Matthew Sackman matthew at rabbitmq.com
Mon Jan 23 17:45:46 GMT 2012

Hi Srdan,

In short, "yes, that's about it", especially on EC2. It would be worth
checking your results with the hipe_compile option turned on with the
latest Rabbit (2.7.1) and the latest Erlang (R15B). Search for
hipe_compile on http://www.rabbitmq.com/configure.html

Over loopback, with very very small message payloads, with hipe turned
on, Rabbit can read off a single socket and throw the data away (i.e.
no bindings from an exchange) at somewhere around 100kHz. Obviously
depending on hardware. Also that figure might be a little old these
days.

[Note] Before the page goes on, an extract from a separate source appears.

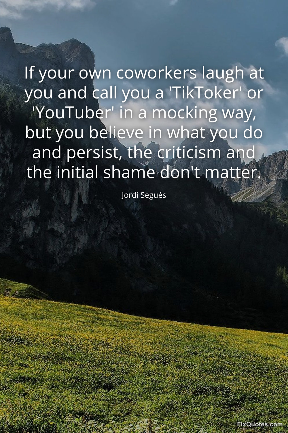 Segués, Jordi. (2026, February 16). If your own coworkers laugh at you and call you a 'TikToker' or 'YouTuber' in a mocking way, but you believe in what you do and persist, the criticism and the initial shame don't matter. FixQuotes. https://fixquotes.com/quotes/if-your-own-coworkers-laugh-at-you-and-call-you-a-185553/

As payload increases, and non-loopback, and non-hipe, and EC2
issues, plus actually doing something with the messages such sending
them first into queues, buffering them, and then sending them out to
consumers, an overall throughput of around 20kHz is not unexpected.

When we do a simple one-publisher, one-queue, one-consumer benchmark,
until recently, the figures were something like 16kHz with 1-ack per
message (no qos) and 25kHz with noAck turned on (autoack). Those figures
are both in and out - i.e. 25kHz msgs in, and 25kHz msgs out. It's only
due to a bunch of quite recent optimisations and getting hipe to work
for us that those figures have improved a bit.

If increasing publishing rate decreases consuming rate then you've hit a
bottleneck somewhere. Either your CPUs are maxed out (or, if not then
there must somewhere be some other reason why Rabbit can't utilise more
CPU) or you've hit a network bottleneck or a disk bottleneck or
something else.

On a single machine, I'd be surprised if you can get close to 100kHz.
Across a cluster it should be possible provided the load is spread
across all the machines - don't forget a queue is a single process on a
single node within the cluster so the maximum speed of an individual
queue is determined by the speed of a single core on one machine. Thus
if you need to go faster than a single core, then you have to spread the
load across multiple queues. Once you max out the cores on a single
machine, you'll need to go to multiple nodes.